If Prince and OutKast have taught us anything, it’s that double albums are supposed to be short, succinct statements of great perfection. They are supposed to be sprawling proof that unedited talent can be more exhilarating than well-edited genius. “The White Album” had the largest quantity of weak Beatles songs, but it was also absolutely bonkers, and a more fun listen than Revolver.
Am I saying that Ty Segall is the new Paul McCartney? Of course not, but in a larger sense – yes, and also – who cares? He made a record called Freedom’s Goblin. There’s a start. Is the title some jab at post-modern politics in America? Probably, but in a larger sense – again, who cares when you have these many good songs.
Now take into account that the record has the murderer’s row of double album content – 1. A song about a dog that pretends its serious 2. Saxophone. 3. A song called the Last Waltz which has a beat you can actually waltz to. It’s in 3/4 time. They thought of everything. Was there any chance this record wasn’t going to be great? 4. The best song is a psychotic rock masterpiece and the song immediately after it is a tender Elephant 6 inspired acoustic pop jam. 5. Some alternate universe Grateful Dead inspired 12-minute wankery. Um. YES.
The polar opposite of last year’s clear, clean self-titled outing, this double record is the refrigerator sandwich of Ty Segall’s career. A refrigerator sandwich is when you don’t want to go to the grocery store, so you just pile on anything that’s left in the fridge, often with wrong or expired condiments, almost always with mismatching bread or at the very least an end piece that no one wanted. That is the paradox record. The record that by its very nature should alienate anyone but core fans, but because of its wacky, charming quality will do just the opposite.

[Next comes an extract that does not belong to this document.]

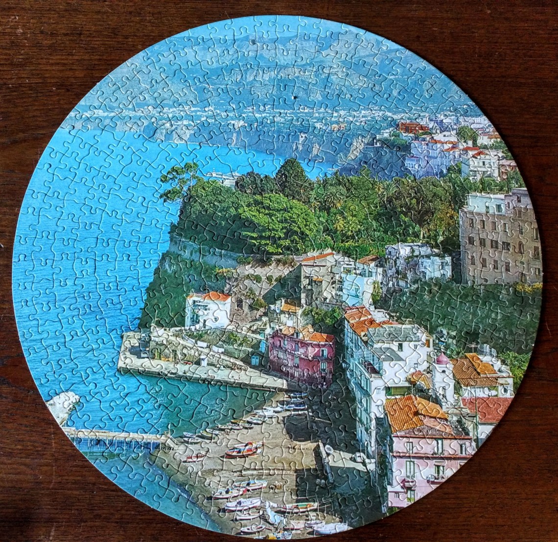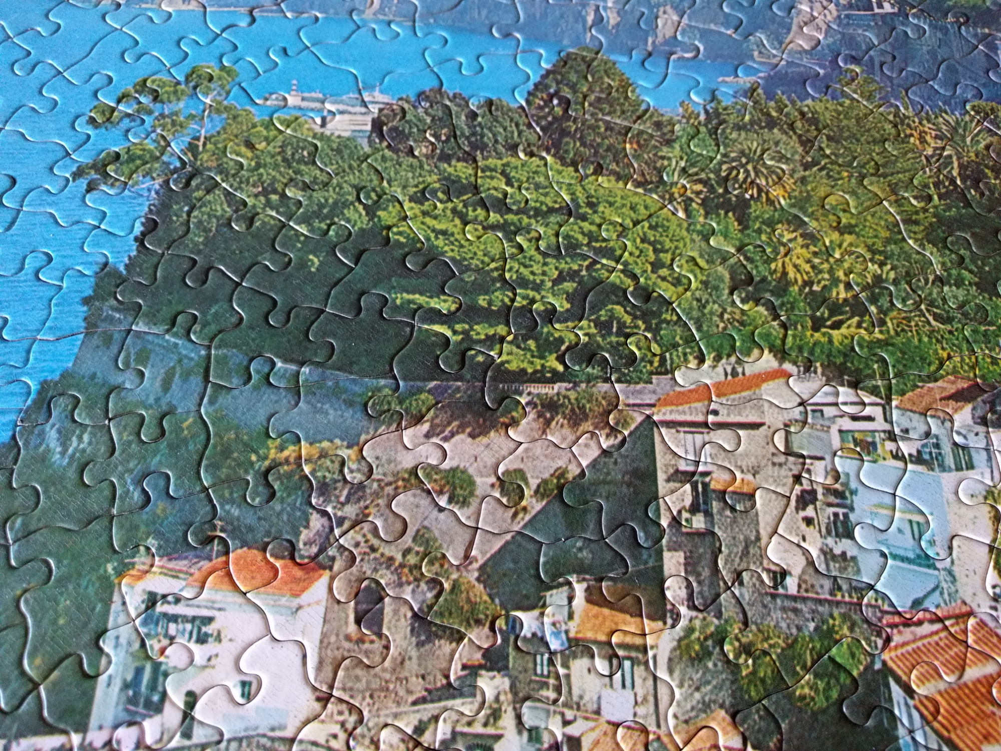 Another vintage Milton Bradley puzzle, this one manufactured in 1968 from a series entitled Dorset Round Puzzles. This particular one shows a peaceful scene along the Mediterranean Coast, as I was putting it together I was remembering scenes from James Bond movies and Alfred Hitchcock’s To catch a Thief.

There have been diminishing returns since the peak of psychedelic soaked rock odyssey Melted. Goodbye Bread, Slaughterhouse and Hair all shared in this peak. Even Twins was a garage rock masterpiece. Manipulator was a tad overrated and is now more clearly visible as the blueprint for this record, and Emotional Mugger and last year’s self-titled records lacked the intensity or song quality of his best releases. All of this made the announcement of a double album seem like a sigh to me. I was dead wrong.
“She” ends with a several minute guitar solo and it leads right into “Prison” which is a guitar solo. That leads into “Talkin 3” which starts with a horn solo. “Fanny Dog” contains the delightful time wasting that is often forgotten from the classic rock, and especially the Led Zeppelin think pieces. “I’m Free” is the best Paul McCartney melody in a decade excluding “New” which everyone slept on.
“5 ft. Tall” has enough muscular guitars mixed with Beck style acoustics to make you wish this record came out in 2001 because Ty could have been such a great addition to whatever that garage rock revival was. “And Goodnight” is the only major misstep on the record. I mean, you have to have some unreasonably long song, or it wouldn’t be a sprawling double album, but the rhythm and blues groove can’t hold attention for a quarter the time it tries to. It’s not a weak song in and of itself, but it can’t work as a break or a conclusion to the power that came before it. A somewhat weak ending for a bonkers and great record. Thanks, Ty.